The Foot and Ankle Ability Measure (FAAM) is a self-report outcome instrument developed to assess physical function for individuals with foot and ankle related impairments. 

The Foot and Ankle Ability Measure is a 29-item questionnaire divided into two subscales:

  • 21-item Activities of Daily Living Subscale and
  • 8-item Sports Subscale.

The Sports subscale assesses more difficult tasks that are essential to sport, it is a population-specific subscale designed for athletes.

Each item is scored on a 5-point Likert scale (4 to 0) from ‘no difficulty at all’ to ‘unable to do’. Item score totals, which range from 0 to 84 for the ADL subscale and 0 to 32 for the Sports subscale, were transformed to percentage scores. Higher scores represent higher levels of function for each subscale, with 100% representing no dysfunction.
For the most valid results it is suggested that scores for the FAAM ADL and Sports subscales be generated only when subjects completed 90% or more of the items (19 of 21 for the ADL and 7 of 8 for the Sports subscales respectively).

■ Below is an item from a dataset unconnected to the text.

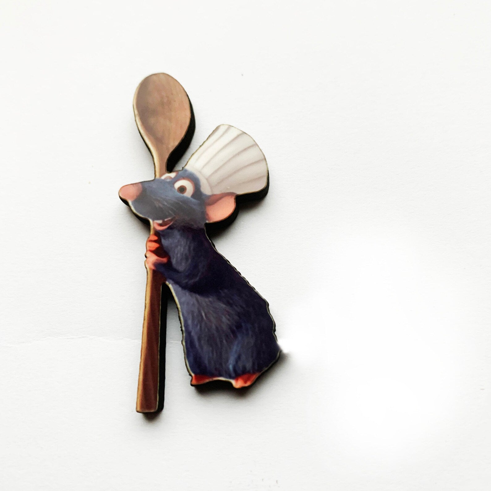Whisk up a dash of magic and a sprinkle of charm with this Remy Pin Badge or Magnet from Ratatouille! Featuring everyone’s favourite little chef in his iconic white hat, clutching a giant wooden spoon like he’s about to stir up your next great adventure (or a heavenly bisque), this is a recipe for cuteness. Whether you’re a foodie, a Disney dreamer, or just a rat who believes anyone can cook, Remy’s got your back—and your bag! Perfect for jackets, backpacks, or hanging proudly in your kitchen. Bon appétit! 🧀🐭💙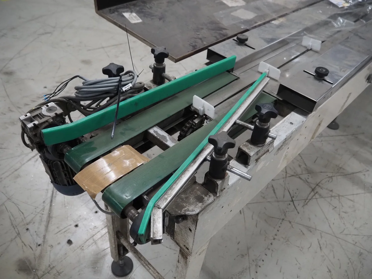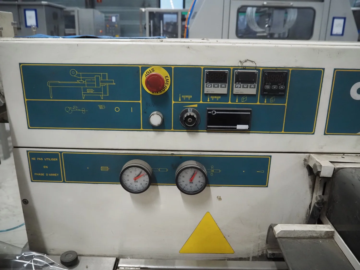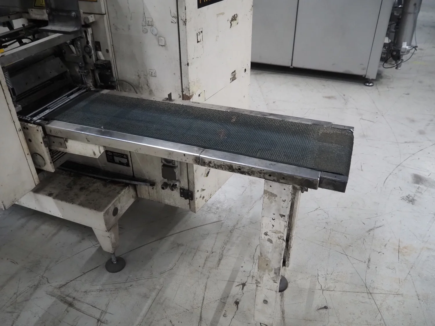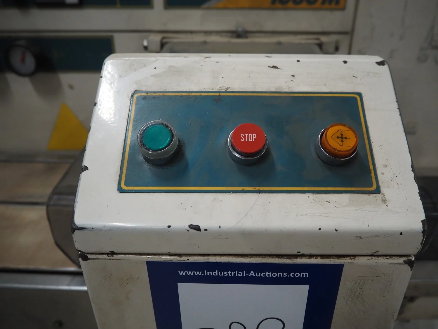 Ilapak flowpacker, model: Carrera 1000 M, serial number: 99 171, 400 V, 3 Ph, 50 Hz, 8 A, plastic belts, belt width: (2x) 60 mm, (1x) 250 mm, distance between dividers: 300 mm, seal length: 280 mm, total dimensions: 4050 mm x 1300 mm x 1550 mm.

Use the following EVALUATION FORM to evaluate your patient and PRINT THE FORM when the evaluation is completed.



Evaluation

Reliability

Evidence for reliability was obtained using the group that was expected to remain stable.
– ADL subscale: ICC = 0.89; SEM = 2,1 points
– Sport subscale: ICC = 0.87; SEM = 4,5 points

Content validity

The ADL and Sport subscales of the FAAM were correlated to the SF-36 physical function subscale and the SF-36 mental function subscale. Strong correlations were found with the SF-36 physical function subscale (r = .84; r = .78), weak correlations were found with the SF-36 mental function subscale (r = .18; r = .11).

Responsiveness

As well the ADL subscale as the Sport subscale of the FAAM were sensitive to significant changes over time. The Guyatt’s responsiveness index for the ADL subscale and the Sport subscale was respectively 2.75 and 1.40. The sport subscale of the FAAM seems to be less responsive than the ADL subscale. The minimal detectable change (MDC) based on a 95% confidence interval was 5.7 and 12.3 points for the ADL and Sports subscales, respectively.[

Significantly different change in scores during 4 week in the group expected to change (P<0.001).

Literature:

  • Martin, RobRoy L., et al. “Evidence of validity for the Foot and Ankle Ability Measure (FAAM).” Foot & Ankle International 26.11 (2005): 968-983.
  • Martin, Robroy L., and James J. Irrgang. “A survey of self-reported outcome instruments for the foot and ankle.” Journal of Orthopaedic & Sports Physical Therapy 37.2 (2007): 72-84.
  • Cosby, Nicole L., and Jay Hertel. “Clinical assessment of ankle injury outcomes: case scenario using the foot and ankle ability measure.” Journal of sport rehabilitation 20.1 (2011): 89-99.